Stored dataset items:
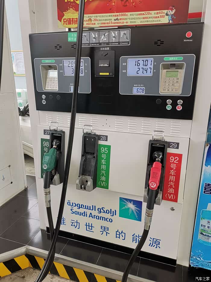 完成加油。是不是有人想说95号的油怎么可能6.08元,淡定,不要慌。请你看一下在加油的油枪座是不是写着95号油,或者你可以忽视价格之间看加到跳枪一共加油27.47升。
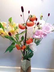 季節のお花 まだまだ暑いのでお花が持ちません。花を見ると和みます😊アルストロメリア 未来への憧れトルコキキョウ 優美ワレモコウ 感謝ソラナムパンプキン コロコロしてかわいいです。
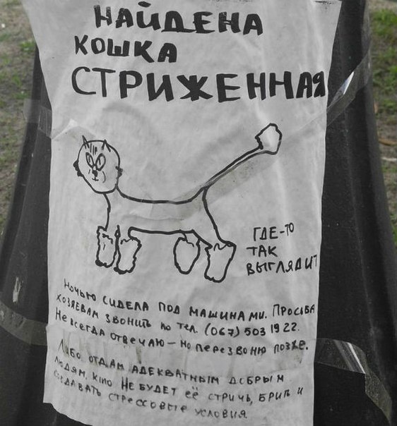 "Найдена кошка стриженная. Ночью сидела под машинами", – отмечается в тексте, где для хозяев кошки указан телефон человека, нашедшего животное.
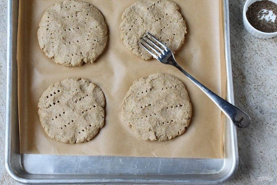 Наколите лепешки вилкой, чтобы они не вздувались при выпечке.
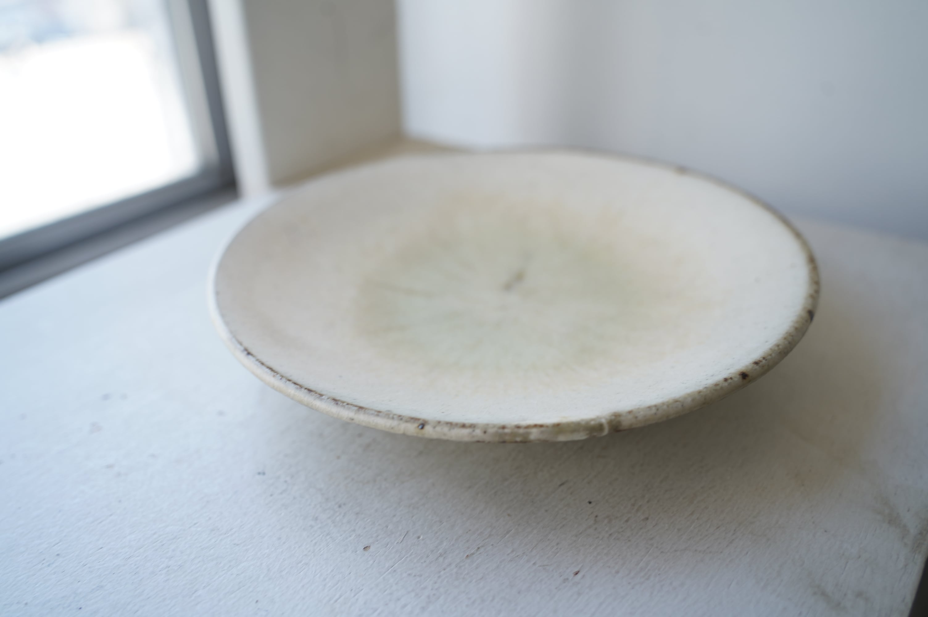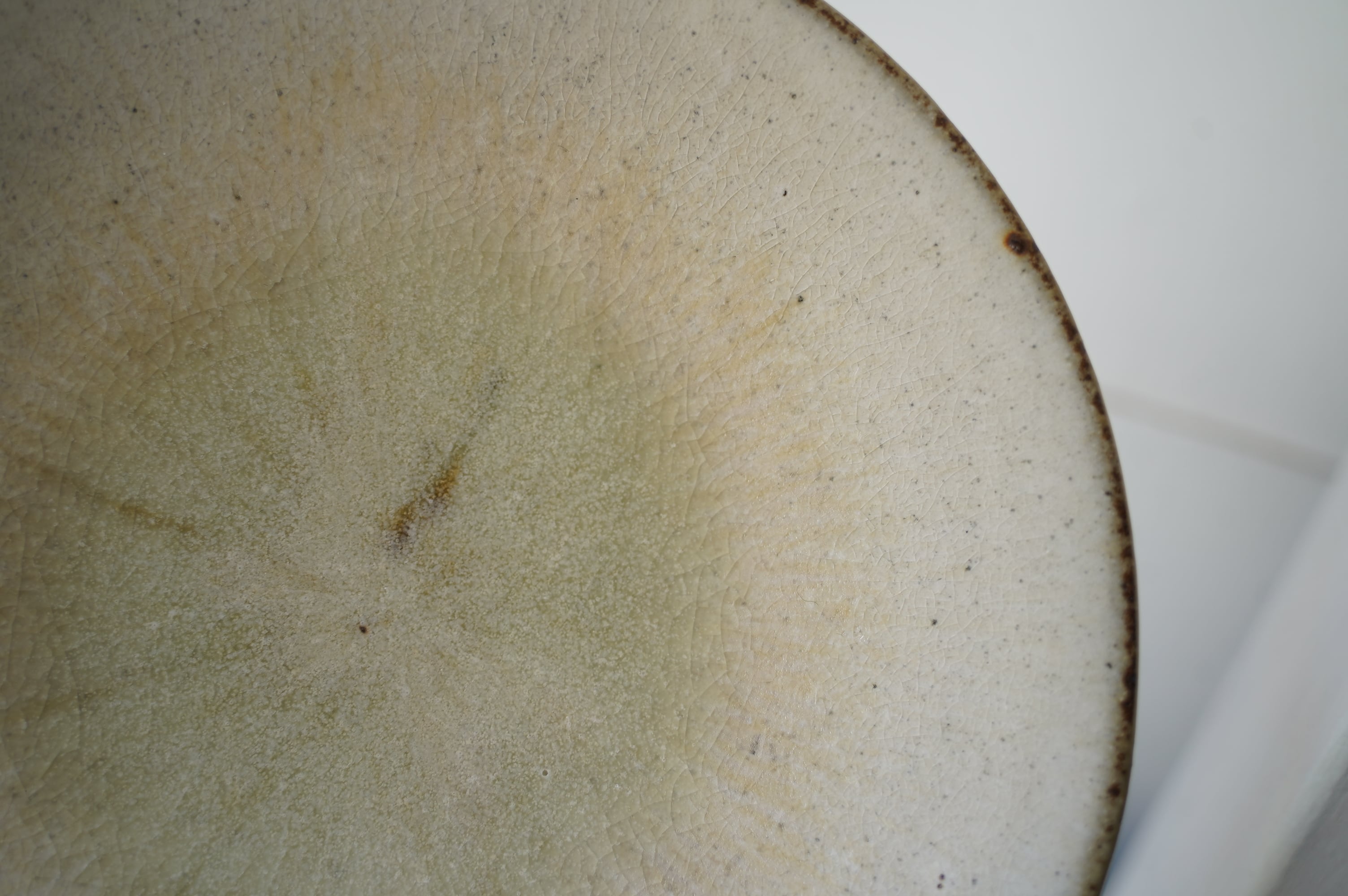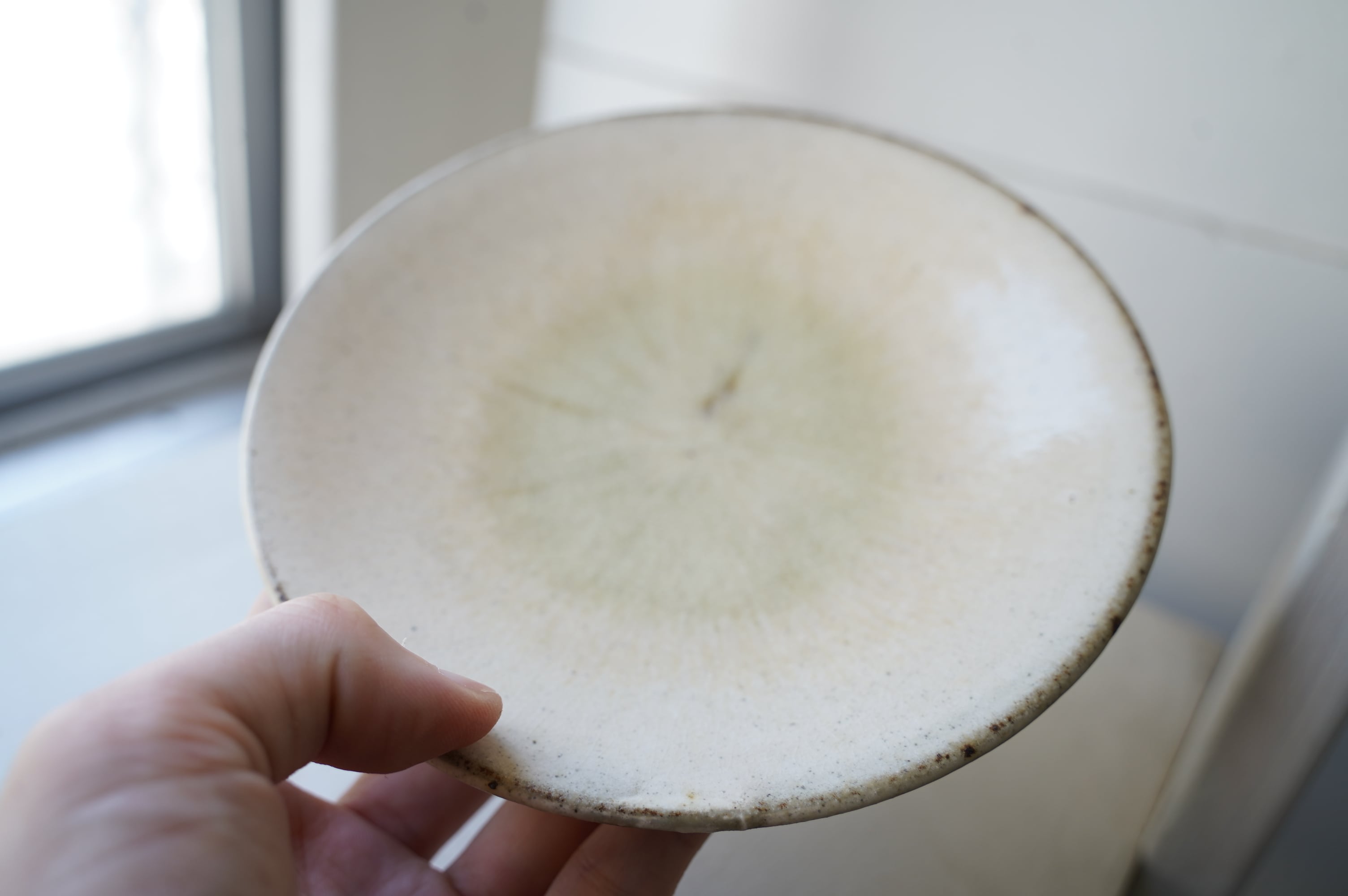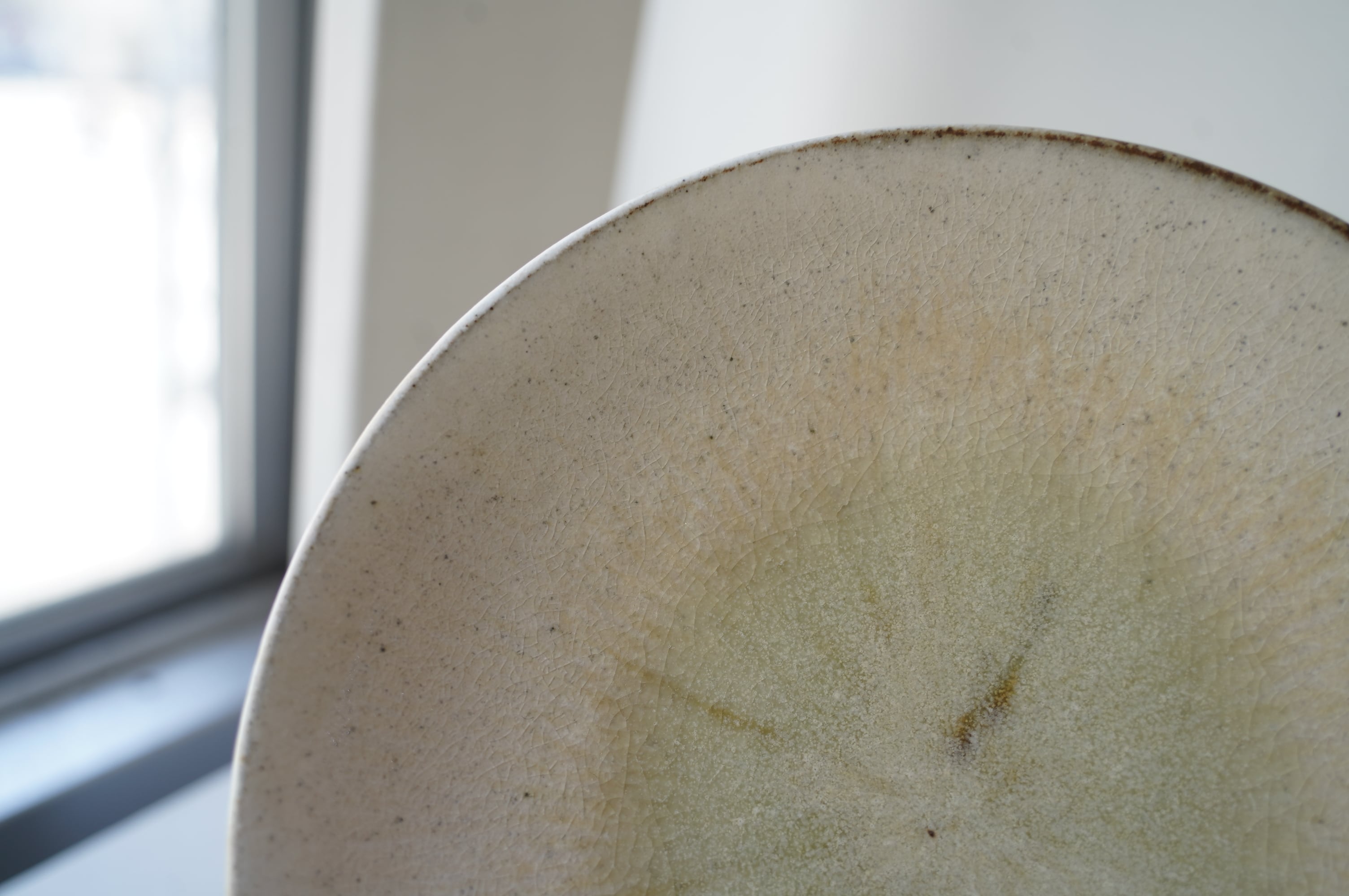 灰粉引というやり方で、化粧土を刷毛で塗り素焼きし、もう一度化粧土をかけ素焼き、

Task description: Print every line above exactly as given, but not the pictures.

Answer to this problem:
 完成加油。是不是有人想说95号的油怎么可能6.08元,淡定,不要慌。请你看一下在加油的油枪座是不是写着95号油,或者你可以忽视价格之间看加到跳枪一共加油27.47升。
 季節のお花 まだまだ暑いのでお花が持ちません。花を見ると和みます😊アルストロメリア 未来への憧れトルコキキョウ 優美ワレモコウ 感謝ソラナムパンプキン コロコロしてかわいいです。
 "Найдена кошка стриженная. Ночью сидела под машинами", – отмечается в тексте, где для хозяев кошки указан телефон человека, нашедшего животное.
 Наколите лепешки вилкой, чтобы они не вздувались при выпечке.
 灰粉引というやり方で、化粧土を刷毛で塗り素焼きし、もう一度化粧土をかけ素焼き、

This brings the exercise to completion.